This gives us an example that uses the Harrisburg stream gauge: '01570500'.

>>> import hydrofunctions as hf
>>> site = '01570500'
>>> harrisburg = hf.NWIS(site, 'iv', period='P10D')

>>> harrisburg
    USGS:01570500: Susquehanna River at Harrisburg, PA
        00045: <30 * Minutes> Precipitation, total, inches
        00060: <30 * Minutes> Discharge, cubic feet per second
        00065: <30 * Minutes> Gage height, feet
    Start: 2019-04-06 00:30:00+00:00
    End:   2019-04-15 23:00:00+00:00

The example requests the last 10 days of IV data, returning precipitation, discharge, and stage, each with 30 minute sampling.

As of a few days ago (as far as I can tell), if you do this request again, you'll also get some data that gets collected every 15 minutes, leading to an 'upsampling' warning.

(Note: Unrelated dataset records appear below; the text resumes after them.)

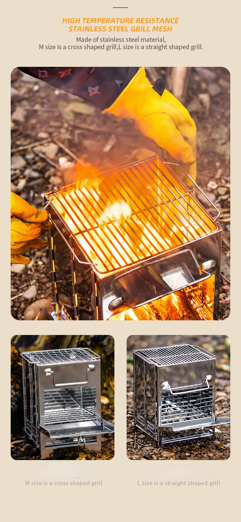 Denna spis är tillverkad av högkvalitativt rostfritt stål och är väderbeständig och byggd för att hålla på alla dina äventyr. Dess lätta men robusta design (966 g) kombinerar portabilitet med hållbarhet, medan dess moderna utseende ger en elegant touch till alla utomhusmiljöer. Från camping till trädgårdsfester är denna spis en pålitlig följeslagare.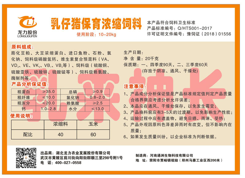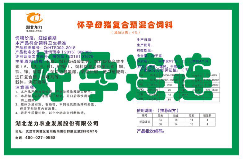 湖北龍力農(nóng)業(yè)發(fā)展股份有限公司坐落于武漢市黃陂區(qū)前川街向陽街群順三里298號(hào)附1號(hào)。公司成立于2014年6月,公司自成立以來把“創(chuàng)全球最大養(yǎng)豬綜合服務(wù)”為企業(yè)愿景。致力于打造教保料品牌”作為公司發(fā)展的明確目標(biāo)。公司一直致力于豬營養(yǎng)的研究和開發(fā),積極與國內(nèi)外高校和科研機(jī)構(gòu)合作,推廣養(yǎng)豬技術(shù)、動(dòng)物營養(yǎng)新概念,向世界農(nóng)牧企業(yè)學(xué)習(xí)與合作。公司采用國內(nèi)先進(jìn)的生產(chǎn)工藝,選擇高精度電子配料秤,高均勻度、無殘留混合機(jī)等先進(jìn)設(shè)備....
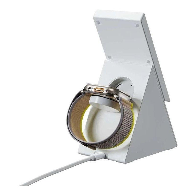 Allows for simultaneous charging of iPhone, Apple Watch, and AirPods. With its sleek white design, this charger holder combines functionality, elegance, and innovation to provide maximum efficiency and aesthetic appeal. Say goodbye to the hassle of using multiple chargers and take your wireless charging experience to the next level with the Choetech T600.
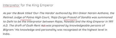As per the Hardoi Gazetteer on Page 71, ' Kunwar Durga Parshad, taluqdar of Sarawan-Baragaon is a great scholar and has written several Persian works on history and morals, but few follow his examples.'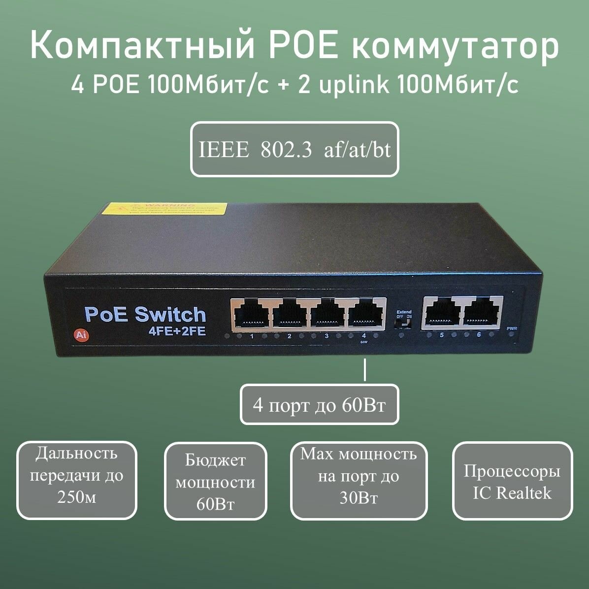 YDA Коммутатор POE свитч с 4POE +2Uplinк 100 Мбит/с , дальность до 250 метров, бюджет 60 Ватт, черный матовый интересное: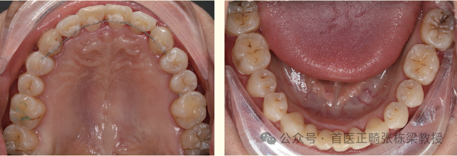 我们使用上下颌种植支抗,远中直立后牙获得间隙,配合必要的片切获得间隙排齐前牙。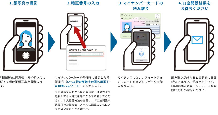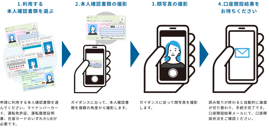- 郵送で本人確認をする場合は除きます。「マイナンバーカード読み取り」、「スマホで本人確認」が利用可能な端末や必要書類はこちらからご確認ください。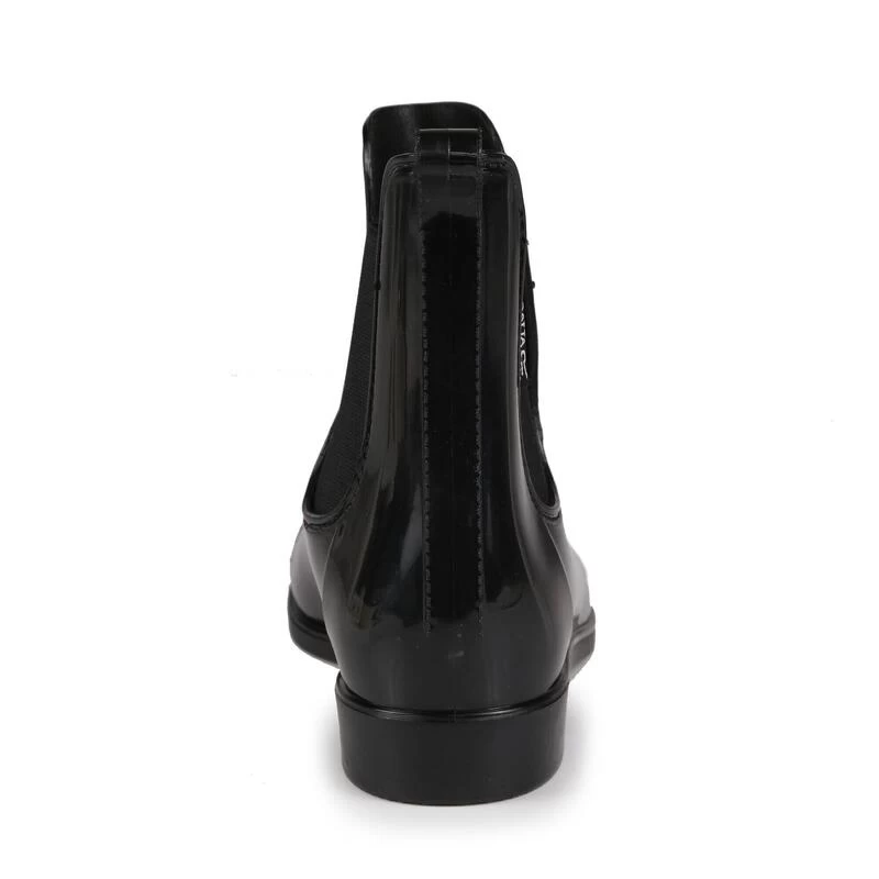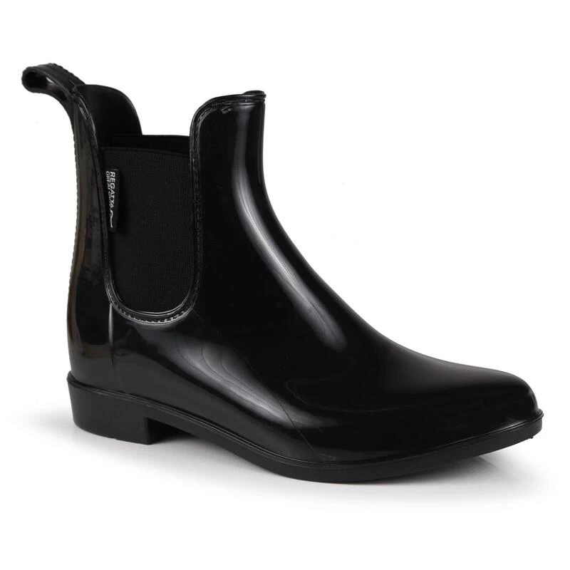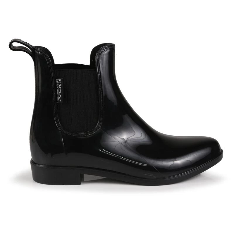 De Lady Harriet lage laars van Regatta heeft een glimmende PVC-constructie met aan weerszijden elastiek voor eenvoudig aan- en uittrekken. Het EVA-voetbed en het diepe profiel bieden comfort en ondersteuning.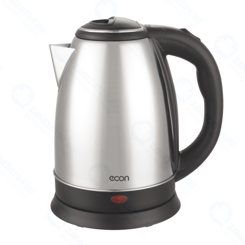 Электрический чайник с корпусом из нержавеющей стали и дисковым нагревательным элементом. Подставка позволяет установить на неё чайник с любой стороны или развернуть его вокруг своей оси на 360⁰.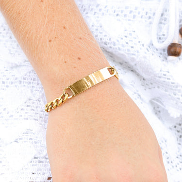 Check out the 18K Gold PVD Stainless Steel Blank ID Curved Bar Bracelet! This dazzling bracelet features an elegant, curved blank ID bar that can be engraved with your initials or a special message. It's the perfect way to add a personal touch to your daily style and with its simple construction you can easily wear this piece with your everyday look no matter what fashion sense you have. So whether you treat yourself or gift to a friend, this bracelet is a stunning classic you can cherish for years to come!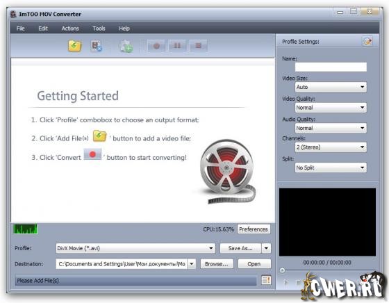 Программа для преобразования формата видео формата MOV (Quicktime) в форматы AVI, MPEG, WMV, DivX, MP3, WAV. ImTOO MOV Converter позволяет быстро производить конвертирование, поддерживает пакетное преобразование и многопоточность. Имеется встроенная возможность установки временного промежутка, что позволяет преобразовывать любые фрагменты видеофайлов.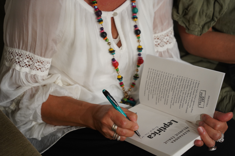 Aleksandre Veljović Ćeklić, autorke koja dolazi izdaleka (živi na relaciji Meksiko–Kanada), ali piše o temama koje su nam bliske, jer se tiču našeg podneblja. Pored autorke, na promociji su govorile i Isidora Đolović, profesorka književnosti, i Ivana Misirlić, urednica u Laguni.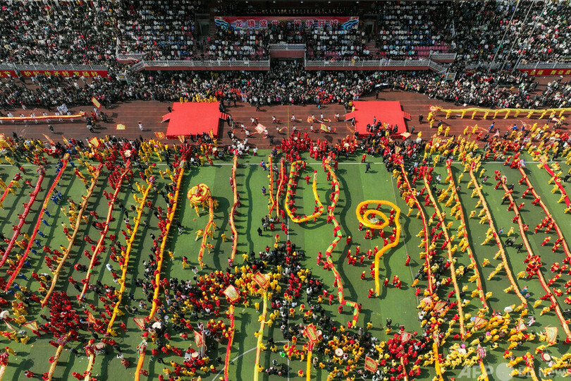【2月21日 東方新報】中国・貴州省(Guizhou)銅仁市(Tongren)石阡(せきせん)県の体育場で20日、「コーラオ族毛龍節」が開催された。78チームのコーラオ毛龍が新春を祝うパフォーマンスを披露し、新年を祝った。

One way to avoid this is to either use a different gauge in the example, or simply request data from a range of dates that only have the 30 minute data, like back in 2019 when the example was first run.

Two Possible Solutions:

  1. Have the example request data from a time period that returns a known set of data:
harrisburg = hf.NWIS(site, 'iv', start_date='2019-04-06', end_date='2019-04-15')
  1. Request data from a different site that is less likely to cause problems in the future:
  • It should collect every 15 minutes so that this problem is less likely to repeat
  • It should be from a site that is unlikely to be 'upgraded'... Karthaus? 01542500
>>> site = '01542500'
>>> karthaus = hf.NWIS(site, 'iv', period='P10D')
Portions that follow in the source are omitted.